_TASK TO COMPLETE:_
Only the lines from the beginning of the data through the one with "今回、ブリュッセルに2泊した" belong in the answer, each retyped exactly, with pictures left out.

========================================

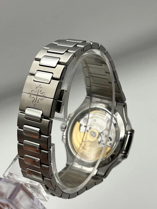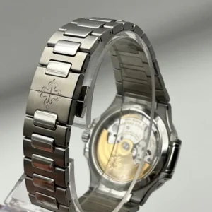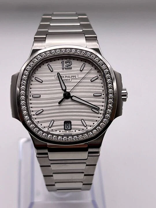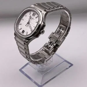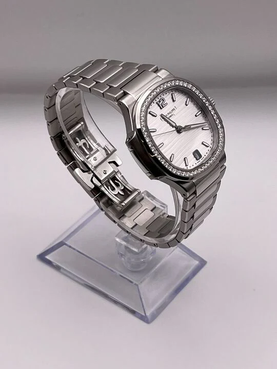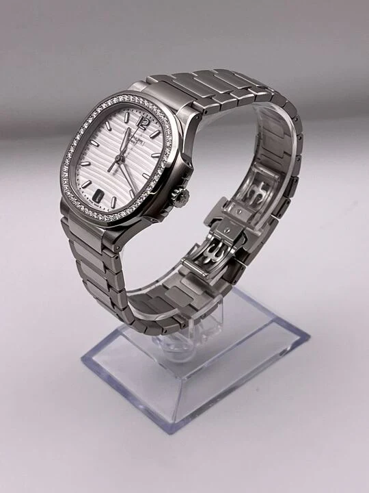 The Patek Philippe Ladies Nautilus wristwatch features a round octagonal shape diamond-set bezel and 35mm stainless steel construction. In the center, lays a silver embossed dial. It is finished with a stainless steel bracelet and fold-over clasp endowed with a new adjustment system, providing the wearer with between 2 and 4 mm of extra bracelet length for increased comfort.
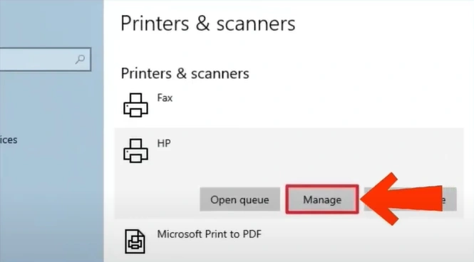 Step 4: Scroll back up, select your printer from the list, and click “Manage.”
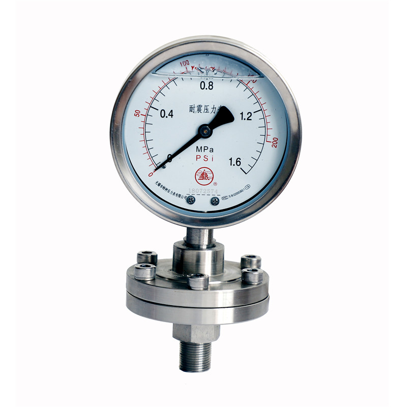 螺紋連接隔膜壓力表采用間接測量結構,用隔離膜片將被測介質與敏感元件隔開,與設備采用螺紋連接,適用于測量強腐蝕、高溫、高粘度、易結晶、易凝固、有固體浮游物的介質壓力以及必須避免測量介質直接進入通用型壓力儀表和防止沉淀物積聚且要易清洗的場合。
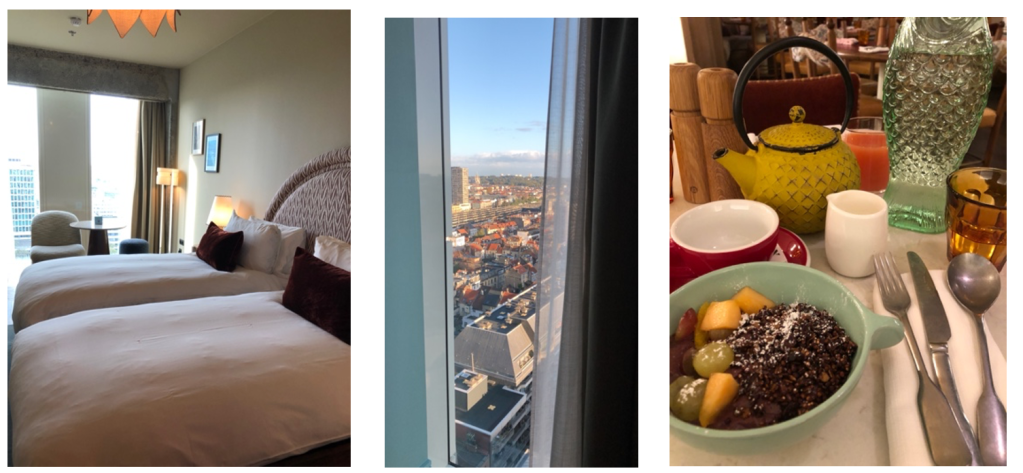 今回、ブリュッセルに2泊したホテルは、HOXTON Brussels。ブリュッセル北駅に近い、サステナビリティを意識したホテルです。例えば、朝食はブッフェスタイルではなくメニューから選ぶアラカルテ。その内容も「アサイボウル」や「キノアパンケーキ」などちょっととんがっています。ホテルスタッフも制服がなく、Tシャツにジーンズといったラフな装いで、よく見ると、名札(ファーストネーム)をつけています。全体的に意識高い系の人をターゲットにしている意識高いホテルという印象でした。
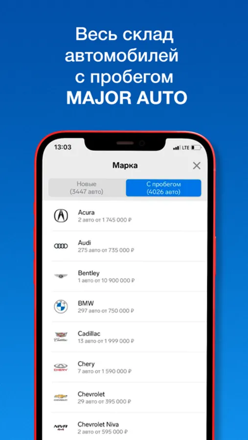 Major Auto — это официальное приложение для покупки автомобилей и записи на техническое обслуживание. Автомобильный холдинг Major Auto является лидером автобизнеса в России и насчитывает 122 салона и сервисных центра по всей Москве и Санкт-Петербургу — выбирайте максимально удобный для вас! Более 12 000 автомобилей с пробегом и новых автомобилей от официального дилера десятков ведущих марок.
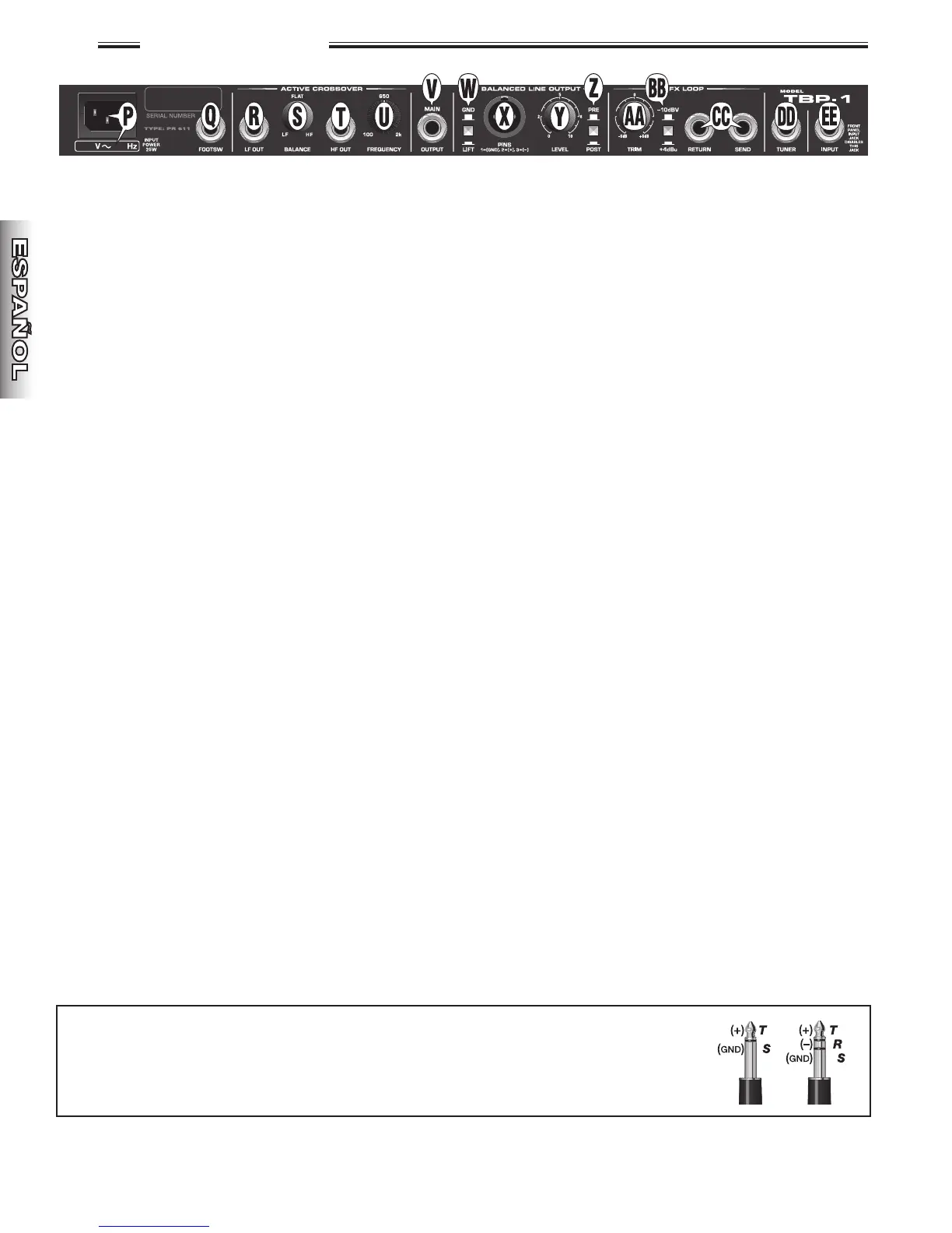 NOTA: Los conectores {R}, {T}, {V}, {CC} y {DD} son del tipo TRS (punta/anillo/lateral) balanceado,
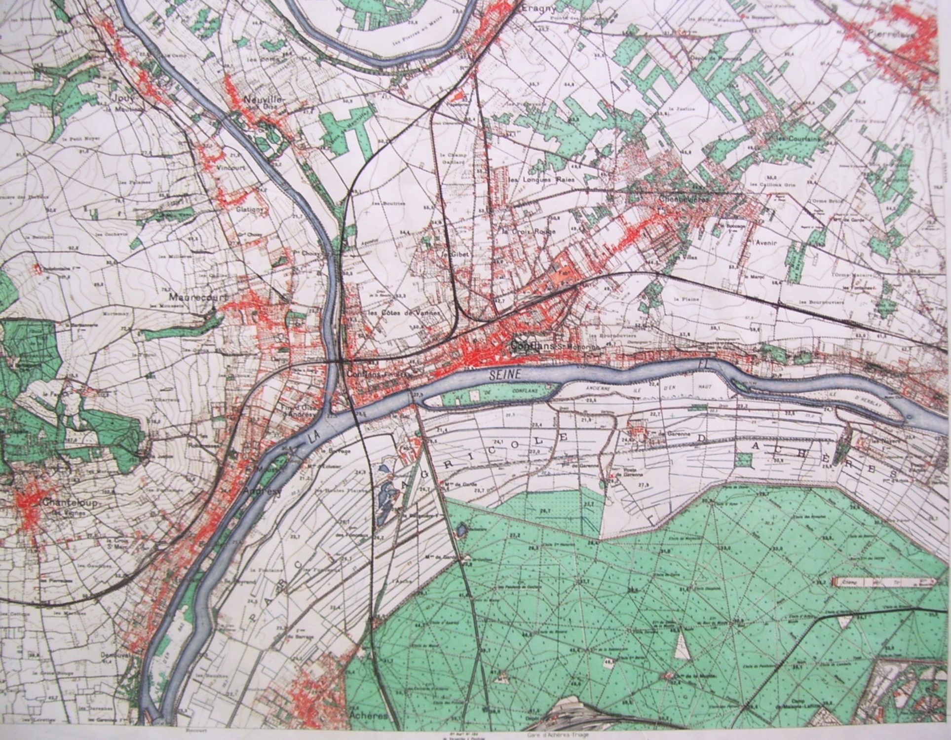 De son côté, la commune, avec sa station de RER « Achères-ville » – le nom joue ici un rôle essentiel – qui relie Cergy-Pontoise à Paris en passant par la Défense, tient à développer un nouveau quartier d’habitation comprenant équipements culturels et éducatifs nécessaires à son bon fonctionnement et au développement d’une nouvelle identité, plus urbaine et plus attractive. La conséquence de cette pluralité des enjeux est la fragmentation de la plaine qui, peu à peu, perd son intégrité physique, et peut-être sa cohérence territoriale, comme en témoigne les deux cartes ci-dessous (figures 10 et 11) qui montrent bien à quel point l’entité qu’elle formait dans les années 1930 a été fragmentée par ses aménagements successifs et constants.
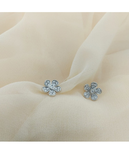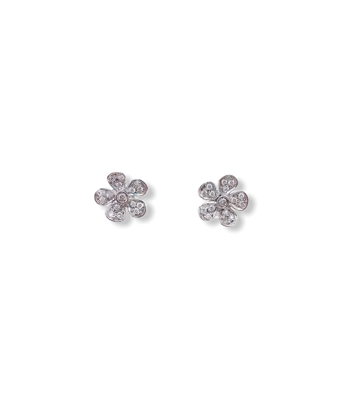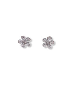 Pendientes flor oro blanco de 18 kt con un diámetro de 11 mm y brillantes 0.68 kt con cierre de presión
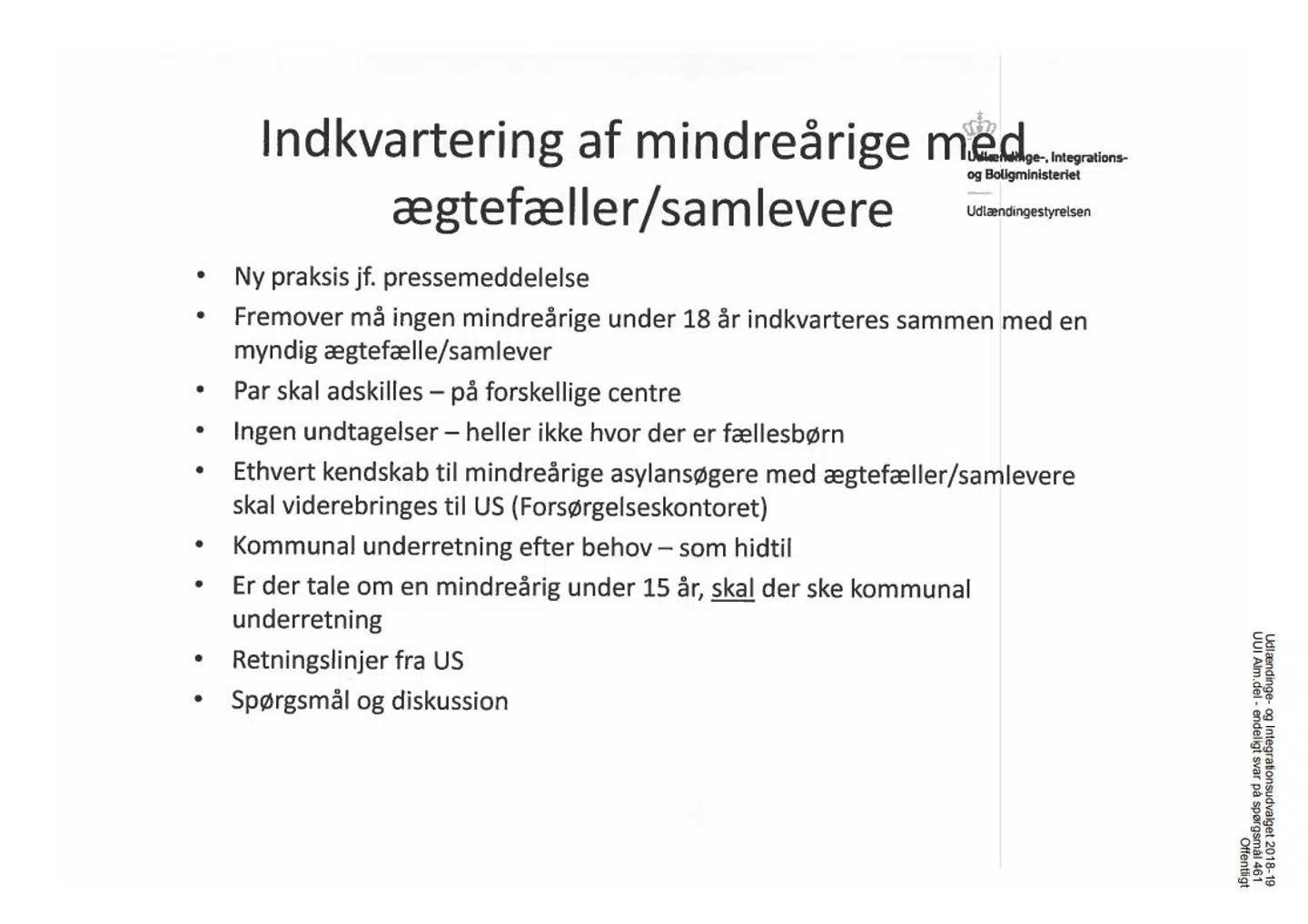 »Fremover må ingen mindreårige under 18 indkvarteres sammen med en myndig ægtefælle/samlever.«

========================================

_TASK OUTPUT:_
 The Patek Philippe Ladies Nautilus wristwatch features a round octagonal shape diamond-set bezel and 35mm stainless steel construction. In the center, lays a silver embossed dial. It is finished with a stainless steel bracelet and fold-over clasp endowed with a new adjustment system, providing the wearer with between 2 and 4 mm of extra bracelet length for increased comfort.
 Step 4: Scroll back up, select your printer from the list, and click “Manage.”
 螺紋連接隔膜壓力表采用間接測量結構,用隔離膜片將被測介質與敏感元件隔開,與設備采用螺紋連接,適用于測量強腐蝕、高溫、高粘度、易結晶、易凝固、有固體浮游物的介質壓力以及必須避免測量介質直接進入通用型壓力儀表和防止沉淀物積聚且要易清洗的場合。
 今回、ブリュッセルに2泊したホテルは、HOXTON Brussels。ブリュッセル北駅に近い、サステナビリティを意識したホテルです。例えば、朝食はブッフェスタイルではなくメニューから選ぶアラカルテ。その内容も「アサイボウル」や「キノアパンケーキ」などちょっととんがっています。ホテルスタッフも制服がなく、Tシャツにジーンズといったラフな装いで、よく見ると、名札(ファーストネーム)をつけています。全体的に意識高い系の人をターゲットにしている意識高いホテルという印象でした。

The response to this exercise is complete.